Во второй книге ‘Опавших листьев’ Розанов, размышляя о своем литературном амплуа, замечает, между прочим: ‘Я ввел в литературу самое мелочное, невидимые движения души, паутинки быта’. Именно паутинки, серое, невидимое, от чего досадливо отмахиваешься, когда беспокоящим прикосновением оседает это невидимое на руках, лице и вообще на чем-нибудь живом. Первое, инстинктивное, что вспыхивает при таком ощущении — порыв: сорвать, стереть, освободиться! И вот одна из розановских ‘странностей’: таково порыва в нем не рождается. Даже наоборот: он ощутит паутинку, липкую, связывающую, оплетающую, и провозгласит ей: осанна! ибо паутинка для него — благословенна, он радостно замрет, созерцая ее, с одной думой, с одним беспокойством: только бы не двинуться, не шелохнуться, чтобы не повредить, не порвать этой благословенной паутинки.
‘Опавшие листья’ и ‘Уединенное’ — такое паутинное плетение мелочей, в котором лишь изредка трепещет крупная мысль, как изнемогающее насекомое со сверкающими крыльями. Мелочи, мелочи, мелочи — ползут отовсюду, изо всех щелей розановской души, наползают друг на друга, громоздятся, сталкиваются, засыпают своей трухой искры ума, и когда перечитываешь эти книги, то минутами ощущаешь их, как некое единоборство глубинного и мелкого, чего-то крылящего, пытающегося взлететь — и ползающего, червячного, пресмыкающегося.

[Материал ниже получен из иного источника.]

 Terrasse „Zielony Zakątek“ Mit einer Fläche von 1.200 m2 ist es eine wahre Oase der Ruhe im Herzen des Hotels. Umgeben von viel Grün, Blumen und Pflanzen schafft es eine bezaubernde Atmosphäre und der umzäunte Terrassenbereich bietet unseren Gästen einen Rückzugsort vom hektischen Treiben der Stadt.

И всякий раз побеждает последнее, это для Розанова фатально, этого он никак избежать не может.
‘Окурочки-то все-таки вытряхиваю. Не всегда, но если с 1/2 папиросы не докурено. Даже и меньше. Надо утилизировать’. Эти окурочки звучат у него, как программа, как некое исповедание. Мировая история? Бог? Человечество? — ‘Наплевать’! Окурочки, — вот что важно и близко. Кто докажет, что человечество выше окурочков? или мировая история? или революция? или (даже) Бог? Окурочки выше! Нет ничего выше окурочков…
И его книжки — какой-то гимн, славословие мелочам быта, вещицам, остаточкам, тряпочкам, пустячкам. Это какой-то сад Плюшкина, где свален в кучу всякий хлам, к которому хозяин относится с величайшим вниманием, с материнской какой-то заботливостью, и если бы (предположим) этот хлам от него отнять, отвезти, что ли, на свалку, или выкинуть куда-нибудь, сжечь — он раздерет на себе одежды, всплеснет руками, в отчаянии падет на колени — и ему, вероятно, будет казаться, что погиб мир, конечно, ‘его’ мир, которым он жил и без которого прожить не сумеет. Бог ушел из жизни. Бог мелочей, паутинок быта.

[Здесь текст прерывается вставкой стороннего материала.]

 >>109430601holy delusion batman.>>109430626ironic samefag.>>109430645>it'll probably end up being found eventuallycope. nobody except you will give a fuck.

Однажды он высказал это очень определенно. ‘У меня есть какой-то фетишизм мелочей, — сказал он. — Мелочи суть мои ‘боги», — и спустя некоторое время эти же самые слова повторил в другой своей книге, прибавив к ним: ‘И я вечно играюсь с ними. А когда их нет: пустыня. И я ее боюсь’.
Фетишизм мелочей — такова призма, сквозь которую смотрит на мир Розанов. Жажда мелочей для него так же божественна, как, скажем, жажда славы для Наполеона. Эта Розанову не нужна.

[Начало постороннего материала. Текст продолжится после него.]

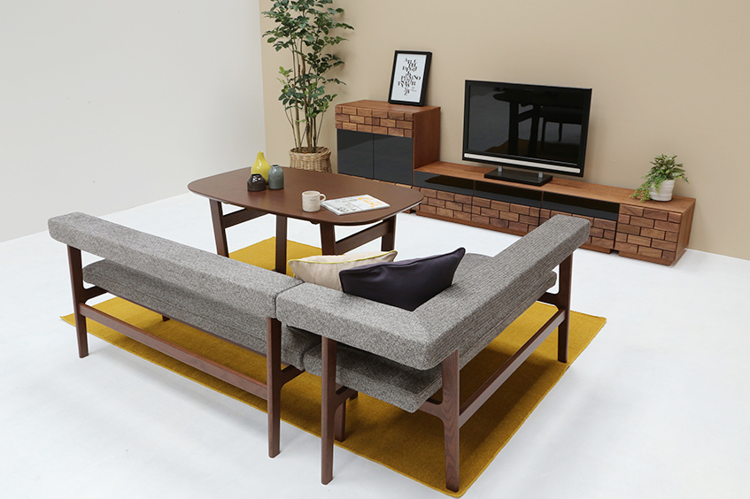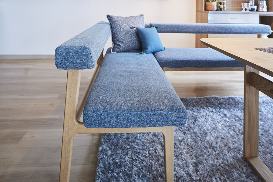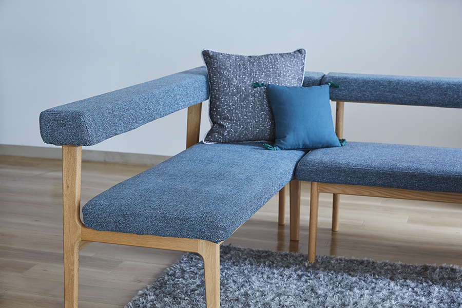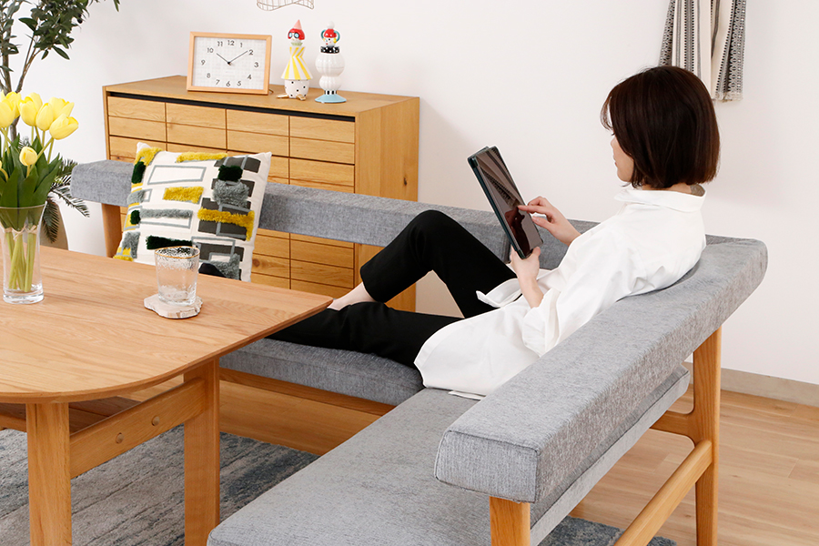 組み合わせも自由自在。ゆったり座りたい方は同シリーズの「MOCOAカウチ」と組み合わせてL字のベンチに。「MOCOAスツール」があると更に便利。来客時の補助スツールやオットマンとしても活躍してくれます。

Он совсем не Наполеон, этот удивительный русский писатель, и ничего в нем нет наполеоновского. Правда, он глубоко, непоколебимо убежден, что мог бы наполнить весь мир ‘багровыми клубами дыма’… Но ‘не хочет, потому что сгорело бы все’, …потому что ‘вышел бы большой шум, большое беспокойство’, а это ему совсем не по душе. ‘Пусть моя могилка будет тиха и в сторонке’.
И когда Розанову великодушные критики навязывали какое-то наполеонство, какой-то демонизм, Розанов сердился и смеялся над великодушными своими критиками. ‘Чего им надо? — ворчал он. — Демонизм Розанова! Все статьи начинаются демонизмом Розанова! Откуда? Почему? На каком основании? Я — самый обыкновенный человек’. ‘Позвольте, полный титул: коллежский советник Василий Васильевич Розанов, пишущий сочинения!’ А со всех сторон лезут к нему с демонизмом! Человек каждой строкой своей хочет убедить весь свет, что он маленький, слабенький, щупленький старичок, ‘русский обыватель, уважающий начальство’, ‘человек мирный от природы’, который ‘каждого полицейского почитает своим начальством, а в конке — даже кондуктора конки’, а ему подсовывают какой-то демонизм. Демонизм — ведь это нечто титаническое, сверх-порочное, огненное, — а какой же он демон, если все его пороки, по его собственным словам (и это глубокая правда) — мокрые. ‘Огненного ни одного!’ Нет, совсем не демон В. В. Розанов! Уж коли толковать, то не о демоническом, а о бесовском, и не о каком-то Великом, а наоборот, о Мелком бесе — ‘коллежском советнике’, — который, ‘сидя над морем, на высокой горе, с бумажкой в руках, высчитывал процентные бумаги’, для которого его ‘кухонная (прих.-расх.) книжка стоит ‘писем Тургенева к Виардо», по мнению которого ‘грибная лавка в чистый понедельник равняется лучшей странице Ключевского’, у которого не ‘пороки’ и даже не ‘влеченье к ним’, а всего только ‘чесотка пороков, — грязнотца, в которой копошится вошь: огонь и пыл пороков — я его никогда не знал. Ведь весь я тихий, смиренно-мудрый’. Ему очень не много нужно. Это, пожалуй, самый невзыскательный из невзыскательных русских людей. Недавно, вот, бушевала революция. Строили баррикады, восставали люди и умирали. Кровь лилась. Плакали маленькие мальчики. Горько рыдали женщины и ломали пальцы в отчаянии. Сколько боли! Какая жестокая жизнь! А Розанов?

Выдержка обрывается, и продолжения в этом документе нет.